» **Task goal**: From the material below, reproduce exactly the stretch of lines that begins with the line holding "Снимали семьёй двухкомнатный" and ends with the line holding "Aku křovinořez Procraft", skipping the pictures.

» **Input for this task**:
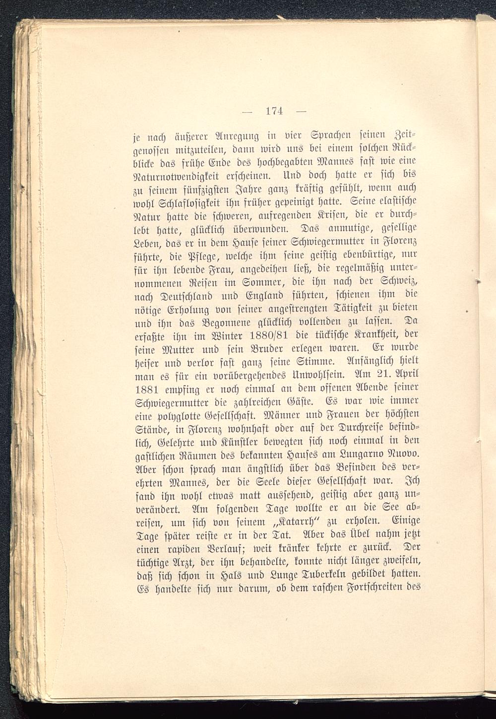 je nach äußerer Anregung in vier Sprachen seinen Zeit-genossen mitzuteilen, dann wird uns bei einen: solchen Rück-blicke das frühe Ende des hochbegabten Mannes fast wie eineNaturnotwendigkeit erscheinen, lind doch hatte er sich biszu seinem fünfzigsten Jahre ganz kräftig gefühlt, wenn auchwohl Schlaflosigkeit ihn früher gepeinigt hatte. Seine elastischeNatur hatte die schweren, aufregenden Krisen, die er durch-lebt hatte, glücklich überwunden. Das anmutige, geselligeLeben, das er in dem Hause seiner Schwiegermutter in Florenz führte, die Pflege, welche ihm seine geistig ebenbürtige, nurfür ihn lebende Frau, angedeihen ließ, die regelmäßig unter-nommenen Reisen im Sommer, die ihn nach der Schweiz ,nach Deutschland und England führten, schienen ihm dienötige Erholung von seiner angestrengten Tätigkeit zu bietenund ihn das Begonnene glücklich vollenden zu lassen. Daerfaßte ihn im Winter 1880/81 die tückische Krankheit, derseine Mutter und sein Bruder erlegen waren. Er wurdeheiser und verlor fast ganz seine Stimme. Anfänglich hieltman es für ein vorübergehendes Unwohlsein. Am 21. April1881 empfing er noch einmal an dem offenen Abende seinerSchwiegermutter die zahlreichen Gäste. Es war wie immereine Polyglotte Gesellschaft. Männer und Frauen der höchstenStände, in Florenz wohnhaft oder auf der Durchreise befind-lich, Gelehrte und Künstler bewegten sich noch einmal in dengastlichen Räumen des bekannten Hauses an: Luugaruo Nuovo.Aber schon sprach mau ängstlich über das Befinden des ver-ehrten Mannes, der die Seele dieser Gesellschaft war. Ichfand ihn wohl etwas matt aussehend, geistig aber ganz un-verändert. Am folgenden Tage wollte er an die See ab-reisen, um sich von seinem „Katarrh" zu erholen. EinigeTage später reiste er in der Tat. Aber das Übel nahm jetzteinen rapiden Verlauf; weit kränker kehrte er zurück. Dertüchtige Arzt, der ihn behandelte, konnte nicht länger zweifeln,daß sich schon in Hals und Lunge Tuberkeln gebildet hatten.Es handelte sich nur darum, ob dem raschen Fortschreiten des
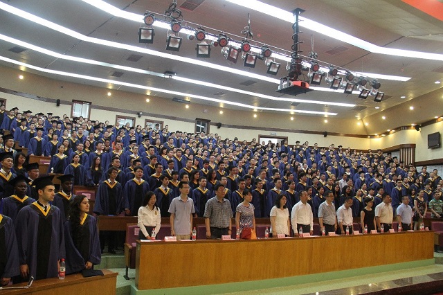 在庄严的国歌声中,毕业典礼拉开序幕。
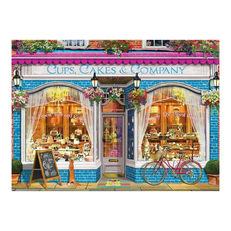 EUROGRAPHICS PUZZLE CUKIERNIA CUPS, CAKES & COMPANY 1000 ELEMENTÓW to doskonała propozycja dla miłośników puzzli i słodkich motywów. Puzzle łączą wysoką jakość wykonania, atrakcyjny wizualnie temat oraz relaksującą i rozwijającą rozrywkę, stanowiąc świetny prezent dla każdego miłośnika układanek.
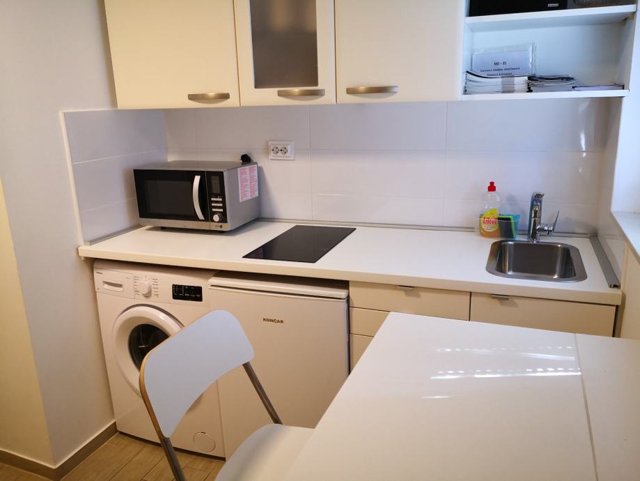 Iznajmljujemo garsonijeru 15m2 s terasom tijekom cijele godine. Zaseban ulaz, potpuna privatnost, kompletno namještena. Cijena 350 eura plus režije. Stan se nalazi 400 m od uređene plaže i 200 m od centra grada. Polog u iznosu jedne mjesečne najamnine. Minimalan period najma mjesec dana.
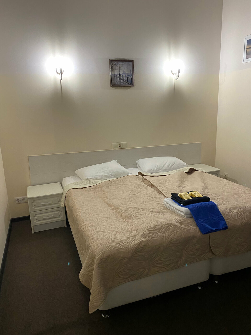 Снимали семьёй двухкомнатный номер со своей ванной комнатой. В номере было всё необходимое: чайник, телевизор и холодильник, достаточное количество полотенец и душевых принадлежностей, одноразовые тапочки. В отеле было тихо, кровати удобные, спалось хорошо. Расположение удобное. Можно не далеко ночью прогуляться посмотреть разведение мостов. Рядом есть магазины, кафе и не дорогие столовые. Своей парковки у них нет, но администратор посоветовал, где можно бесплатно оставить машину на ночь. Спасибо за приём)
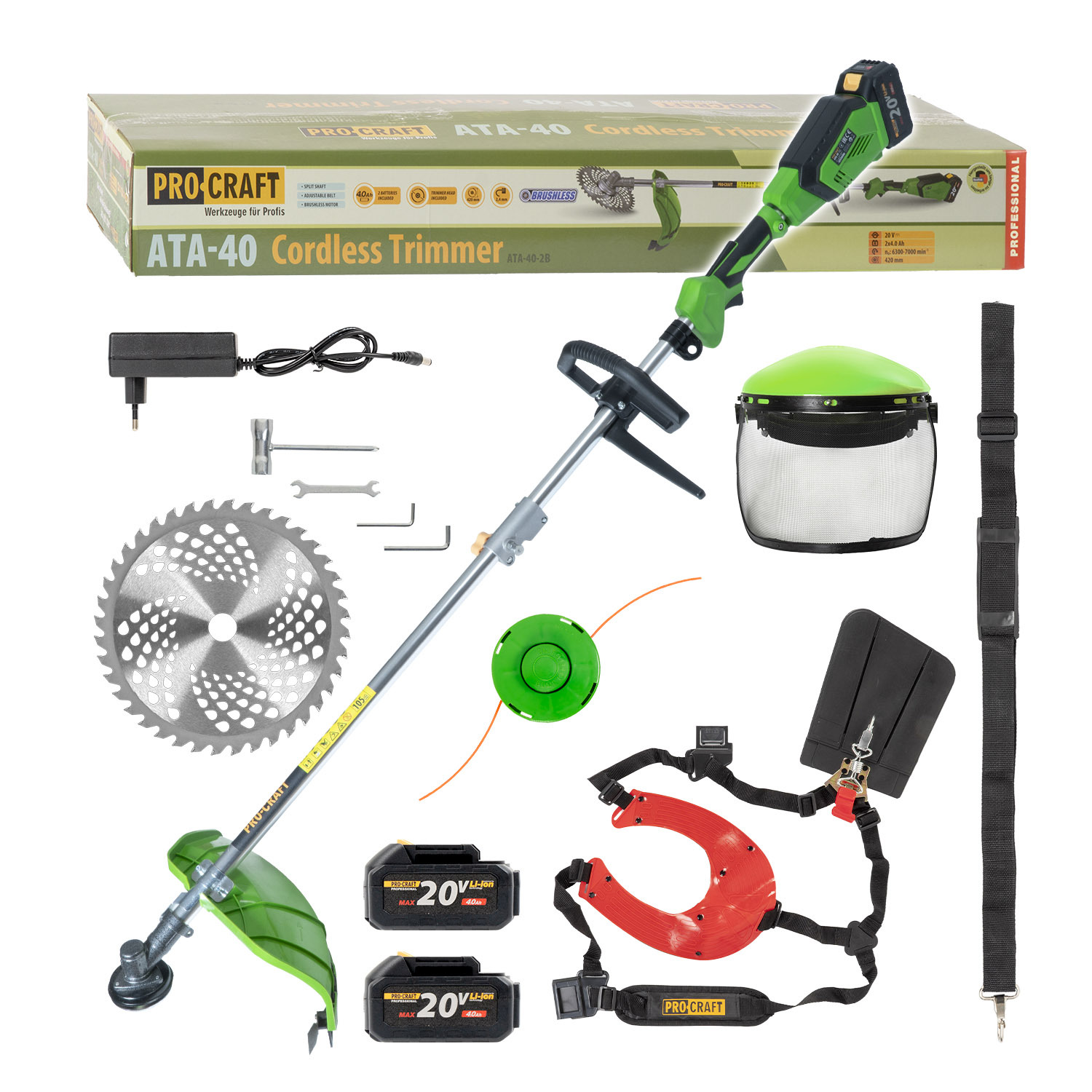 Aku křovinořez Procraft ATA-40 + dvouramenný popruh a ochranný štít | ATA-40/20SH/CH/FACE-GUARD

--

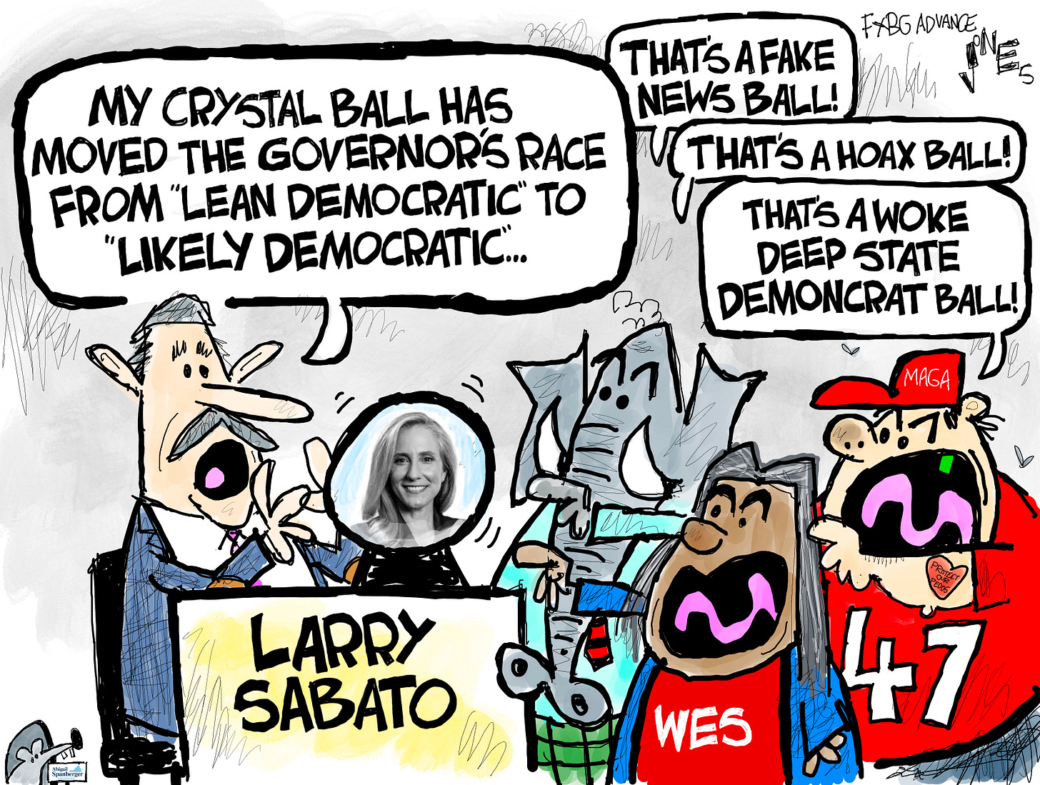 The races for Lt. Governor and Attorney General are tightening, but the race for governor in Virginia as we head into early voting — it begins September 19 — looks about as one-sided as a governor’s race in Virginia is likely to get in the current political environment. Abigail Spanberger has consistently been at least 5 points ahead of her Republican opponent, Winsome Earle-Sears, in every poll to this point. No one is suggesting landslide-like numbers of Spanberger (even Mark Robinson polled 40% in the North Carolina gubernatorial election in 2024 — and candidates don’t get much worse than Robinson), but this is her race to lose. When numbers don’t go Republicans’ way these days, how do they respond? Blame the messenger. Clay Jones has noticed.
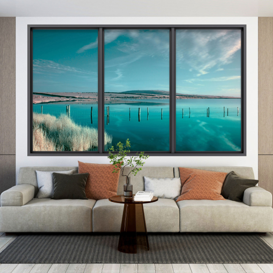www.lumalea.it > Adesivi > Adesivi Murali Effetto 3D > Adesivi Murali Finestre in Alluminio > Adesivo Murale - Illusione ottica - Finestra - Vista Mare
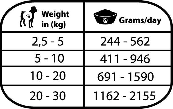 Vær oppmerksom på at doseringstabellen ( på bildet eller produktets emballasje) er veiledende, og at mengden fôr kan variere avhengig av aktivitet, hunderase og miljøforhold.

» **Answer space**:
 Снимали семьёй двухкомнатный номер со своей ванной комнатой. В номере было всё необходимое: чайник, телевизор и холодильник, достаточное количество полотенец и душевых принадлежностей, одноразовые тапочки. В отеле было тихо, кровати удобные, спалось хорошо. Расположение удобное. Можно не далеко ночью прогуляться посмотреть разведение мостов. Рядом есть магазины, кафе и не дорогие столовые. Своей парковки у них нет, но администратор посоветовал, где можно бесплатно оставить машину на ночь. Спасибо за приём)
 Aku křovinořez Procraft ATA-40 + dvouramenný popruh a ochranný štít | ATA-40/20SH/CH/FACE-GUARD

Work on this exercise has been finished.